| What is required |
Transcribe the data exactly, omitting whatever pictures it holds.

| Provided data |
================================

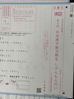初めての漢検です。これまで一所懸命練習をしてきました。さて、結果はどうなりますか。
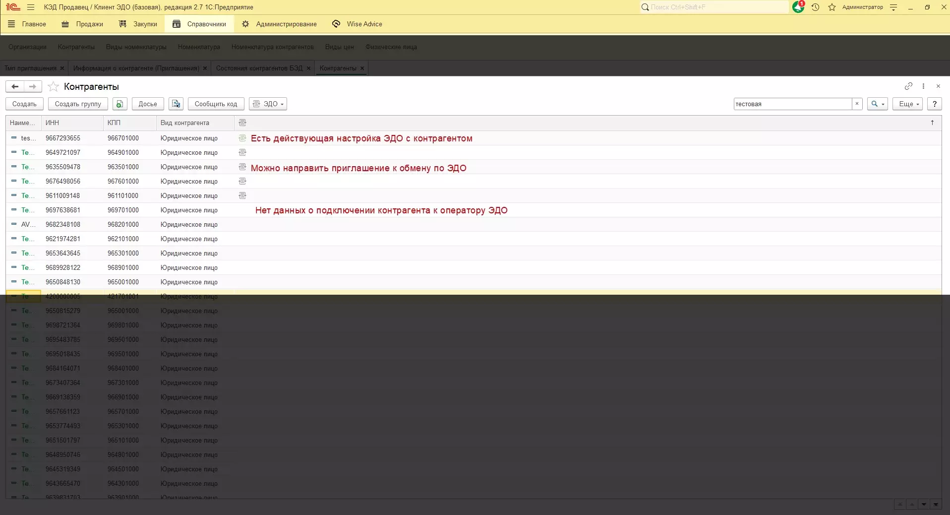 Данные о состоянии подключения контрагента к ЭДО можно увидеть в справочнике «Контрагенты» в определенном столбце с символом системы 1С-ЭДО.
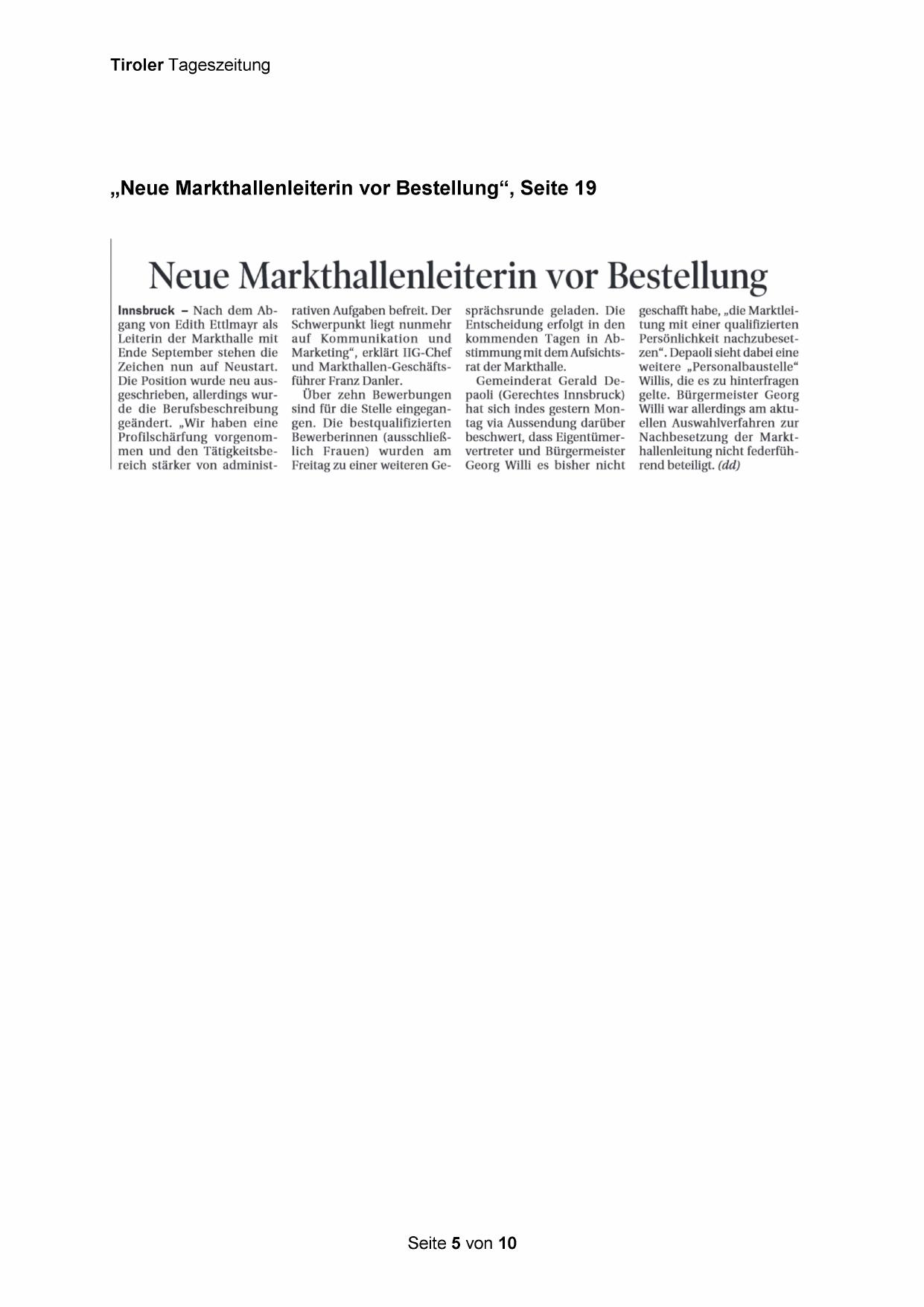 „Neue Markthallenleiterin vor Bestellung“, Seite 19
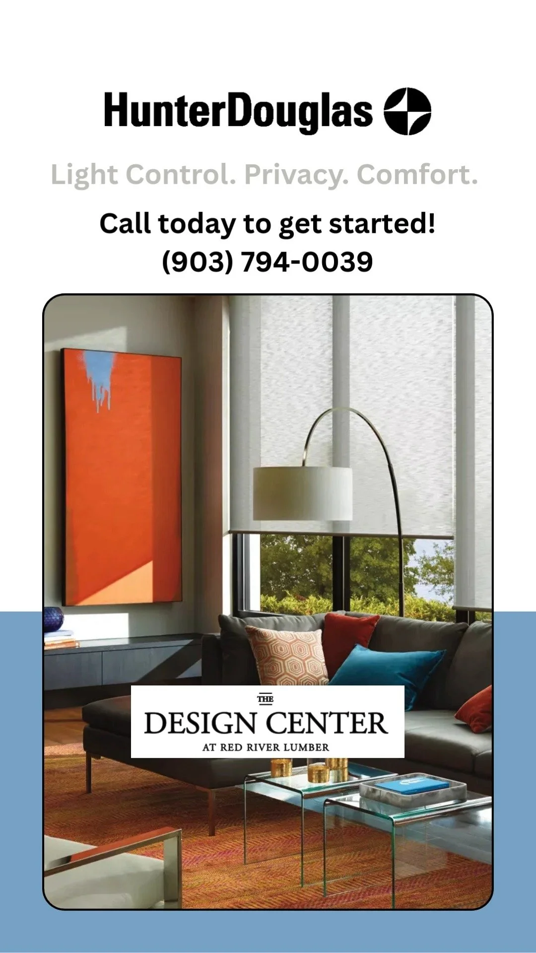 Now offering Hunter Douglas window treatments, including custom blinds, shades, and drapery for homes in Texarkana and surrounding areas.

================================

| Problem solution |
初めての漢検です。これまで一所懸命練習をしてきました。さて、結果はどうなりますか。
 Данные о состоянии подключения контрагента к ЭДО можно увидеть в справочнике «Контрагенты» в определенном столбце с символом системы 1С-ЭДО.
 „Neue Markthallenleiterin vor Bestellung“, Seite 19
 Now offering Hunter Douglas window treatments, including custom blinds, shades, and drapery for homes in Texarkana and surrounding areas.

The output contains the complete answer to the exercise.